Horst Heldt und der 1. FC Köln: Nach seiner aktiven Karriere bei den Geissböcken will der 49-Jährige nun als Geschäftsführer Sport den Effzeh wieder auf Erfolgskurs führen. Im ersten Teil des großen GBK-Interviews sprach der neue Sportchef über die Skepsis gegenüber seiner Person. Im zweiten Teil erklärte Heldt, warum er an die Mannschaft glaubt und warum im Fußball einiges im Argen liegt.
Das Interview führten Sonja Eich und Marc L. Merten
GBK: Herr Heldt, Sie sagen, Sie haben als Spieler selbst erlebt, wie eine Mannschaft nicht funktioniert. Es gibt diverse Hinweise, die darauf hindeuten, dass etwas im aktuellen FC-Team nicht stimmt. Sie selbst sagen aber, die Mannschaft sei intakt. Was sehen Sie, was man von außen nicht sieht?

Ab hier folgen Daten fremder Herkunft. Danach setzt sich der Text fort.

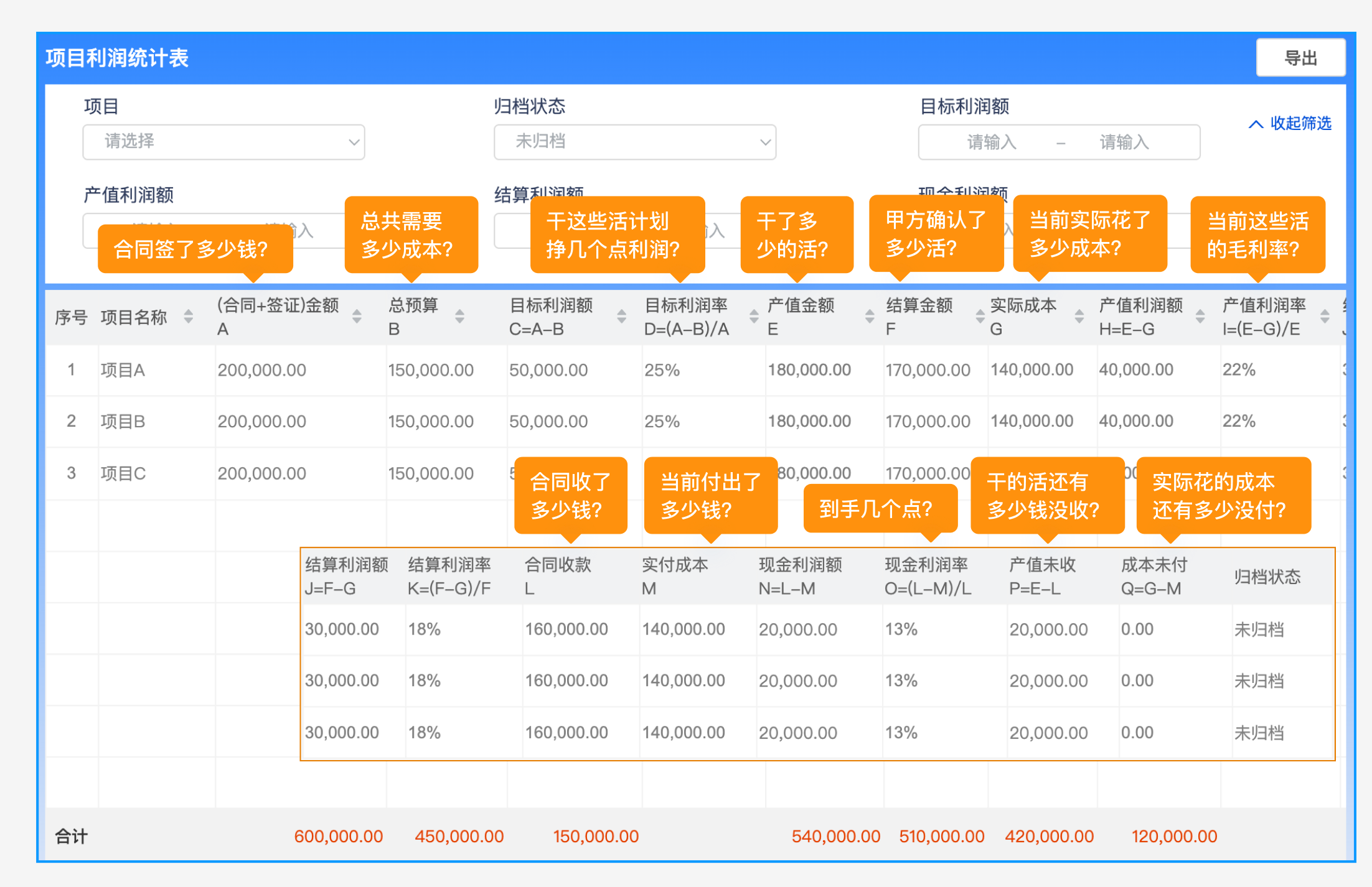 原有基本上新增汇总【合同收款、实付成本、现金利润额/率】;

Horst Heldt: “Die Mannschaft ist unter Berücksichtigung der Umstände, in der sie sich befindet, intakt. Sie ziehen an einem Strang und wollen gemeinsam da wieder rauskommen. Das ist für mich erkennbar. Die müssen nicht mit 27 Mann gemeinsam Weihnachten verbringen, aber sie gehen ordentlich miteinander um. Darüber hinaus müssen wir als Verantwortliche alles tun, um das in so einer Situation wackelige Gebilde zu schützen.”

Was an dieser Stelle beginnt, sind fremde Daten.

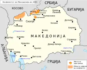 Події 1999 р. в Косово стали детонатором нового витка сепаратистського руху албанців у Македонії. З 2000 р. Македонія стала ареною протистояння македонської більшості та албанських меншин. У березні 2001 р. на північному заході країни почалися збройні сутички між урядовими військами та албанцями,[22] що виступали за пропорційну участь у всіх державних структурах, за албанську автономію з центром у місті Тетово в Західній Македонії і навіть за об'єднання всіх албанців (Албанії, Косова, Тетова, Північної Греції) в єдину Велику Албанію. Албанські сепаратисти сформували так звану Армію національного звільнення (АНЗ). Екстремістські елементи албанської етнічної меншини здійснили наступ на Скоп'є за участі сил Армії звільнення Косова.

Welche Führungsqualitäten sehen Sie denn in der Mannschaft, die helfen können, um da unten rauszukommen?
Meine Definition von Führungsspieler ist nicht, dass Spieler wild gestikulierend über den Platz laufen oder in der Kabine wie ein HB-Männchen in die Luft gehen, nur damit die Leute merken, dass sich da einer wehrt. Führung bedeutet für mich, dass jeder Spieler bei sich anfängt, als Vorbild vorangeht und an den eigenen Defiziten arbeitet, um sich zu verbessern und so jedem anderen Spieler zu zeigen, dass jeder dazu beitragen kann, gemeinsam besser zu werden.

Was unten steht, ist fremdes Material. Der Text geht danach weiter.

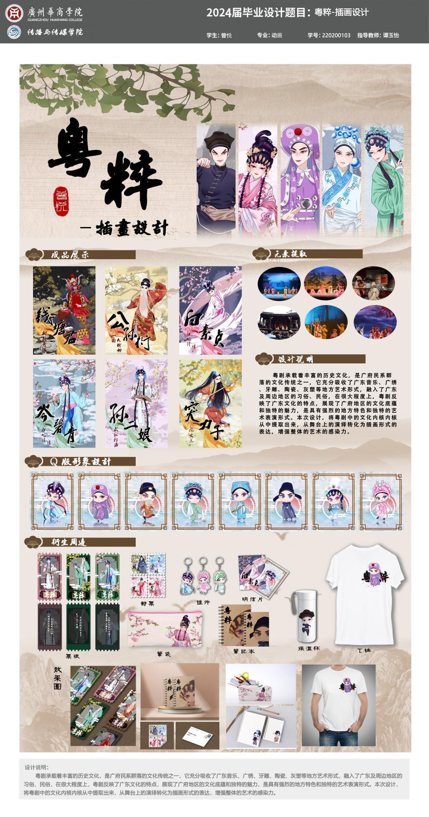 设计阐述:瓷器拟人化的插画在弘扬广东传统文化方面的作用,将传统文化与现代插画相结合,通过在这个过程中通过融合二次元绘画风格和中式元素,以及地运用色彩、纹理、形状等元素,创造出了兼县现代审美和传统文化内涵的瓷器拟人形象。希望能够使得观者能够更深刻地理解和感受广东传统文化的独特魅力,了解和热爱广东瓷器,希望能使其更贴近现代人的审美观念,为广东传统文化在当代社会的传播做出积极的贡献。

Geben Sie uns ein Beispiel?
Nehmen wir mal an, ein Spieler hätte Probleme mit dem Passspiel. Dann hat er nach dem Mannschaftstraining am Vormittag die Wahl, entweder in ein Café zu fahren oder am Nachmittag noch eine individuelle Einheit zu absolvieren, um an seinem Passspiel zu arbeiten. Wenn jemand mit seinen Eckbällen hadert, dann kann er auf den Platz gehen und hundert Eckbälle schlagen. Damit zeigt der Spieler: Ich übernehme Verantwortung. Für meine Leistung und damit für die Leistung der ganzen Mannschaft.
Sie haben in den ersten Tagen hier beim FC den Mannschaftsrat gelobt. Einige Spieler fühlen sich aber nicht mehr so vom Mannschaftsrat vertreten. Wie gehen Sie damit um?
Der Mannschaftsrat wurde von unseren Spielern gewählt. Das sind die Regeln der Spieler und damit sind die Spieler selbst in der Verantwortung.
Einige glauben, die lokale Basis nicht mehr zu brauchen
Aber vielleicht hat sich nach der Wahl ja etwas verändert.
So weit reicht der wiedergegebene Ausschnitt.